What we also have is chaos, the kind of chaos that can only be readily alleviated with uncommon amounts of cash, the kind of cash that makes decisions for you that you can only be born into! We also have the highest income inequality of any developed nation, equaling and rivaling some of the under-developed ones, spread across one of the highest populations across the broadest distance. If you have the cash to move around, you better hope the district or private school you choose isn't educationally backwards or just a rich kid club, and actually cares about education, because there isn't much of a correlation between price and quality. All the rating systems are managed by private, external third parties. Oak Ridge High puts every school in Knox County to shame, regardless of how much you're shelling out. How is that fair?

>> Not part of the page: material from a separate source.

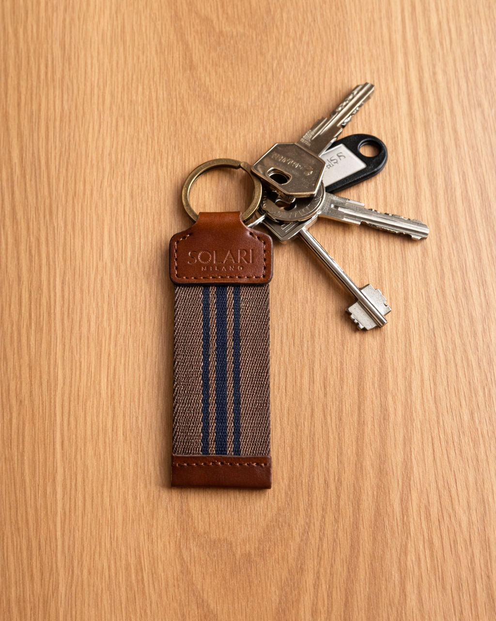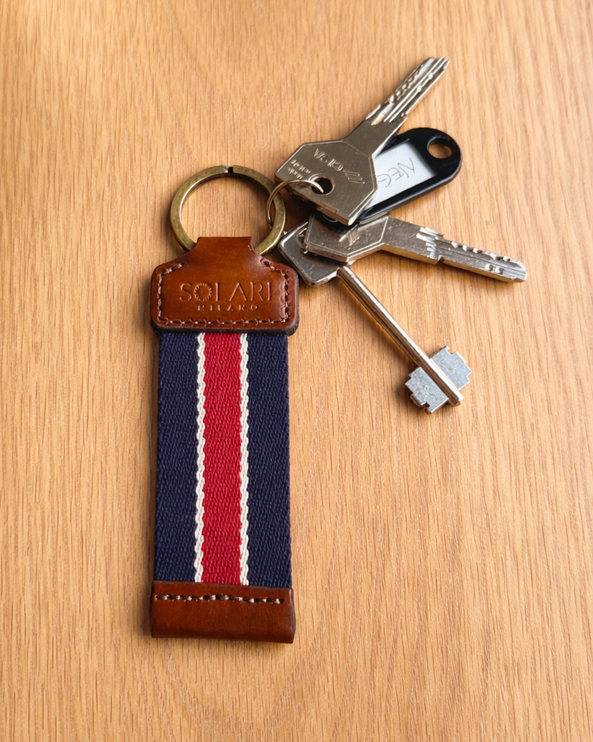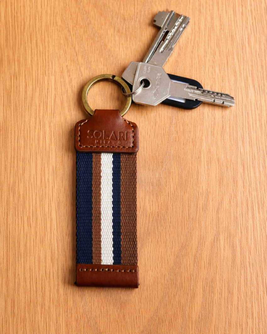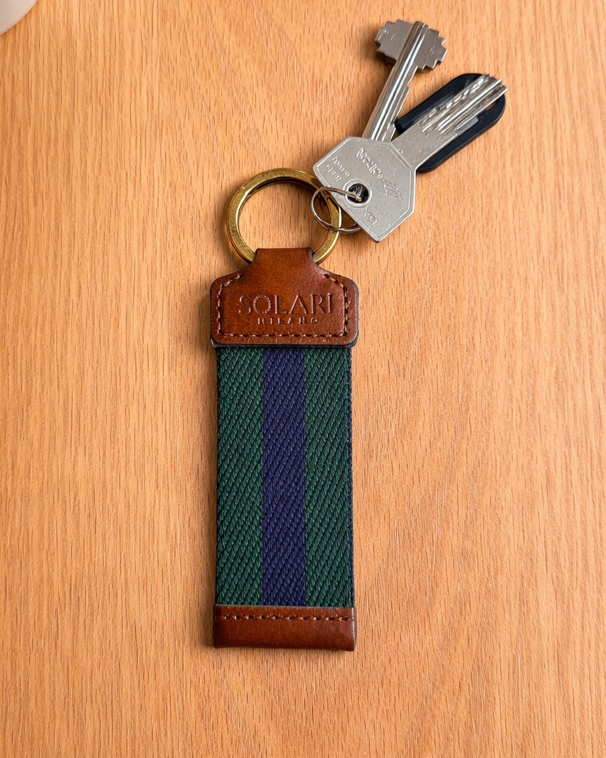 Fabriqué en Italie avec des matériaux de haute qualité, ce porte-clés associe un tissu acrylique durable à des détails en cuir végan raffiné. La sangle texturée et les combinaisons de couleurs intemporelles en font un accessoire polyvalent, parfait pour un usage quotidien tout en ajoutant une touche subtile de personnalité.

Alleged equality under the law is all good and well when that's kind of a new thing, but now it's time to stop over-generalizing that historical checkpoint as if it were still relevant. It's probably time for us to stop ignoring the very real factors that make America so actually unequal. School, which a large percent of America's offspring spends most of the first 18-24 years of their lives doing, is arguably the most important one. It's too important to allow some notion of "competition" to mysteriously fill in the hideously wide gaps that too many of our countrymen fall through.
Finland was recently identified as having the top national school system in the world in a study testing the actual academic skills of 15 year olds in the usual math, science, and reading, and it still remains among the top three or so. Finland doesn't have any private or for-profit academic institutions; all the data collected was from the students of its public schools. Even independent schools aren't allowed to ever charge tuition.

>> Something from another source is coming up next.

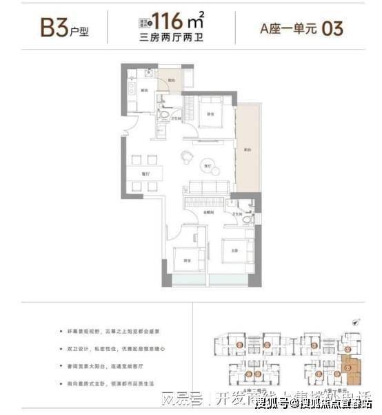 116㎡3 房 2 厅 2 卫:竖厅格局,客厅 3.5 米开间,客餐厅一体化,主卧东南向,客厅连接次卧出巨幕大阳台,L 型厨房带生活阳台,公卫三段式分离,阳台东北朝向。

They also work less and play more for it. Finland's K-12 schools assign decidedly less homework than other nations, relying more on "creative play"; learning is more interactive, and many different learning styles are employed. What's more, the criterion are far less structured than what is found elsewhere, meaning that it's up to Finland's teachers to individually evaluate the needs and progress of every student.
How is that accomplished? There are more teachers per student, and they get paid a bit closer to tenured university folk than our teachers here. They go through a lot more training, and usually need a masters degree or higher in their field — yeah, just to teach drooling first graders. There's the competition for you. Instead of subjecting their children to chaotic, unequal competition by squeezing them through a stagnant, bureaucratic nightmare, they get the people who have actually been highly trained to do it. It makes for an almost completely equal, high-quality experience that, maybe, could be superior than our illusion of control. Spread the money around where it counts, and the sheer crippling human cost we write off every day as acceptable damages could finally end.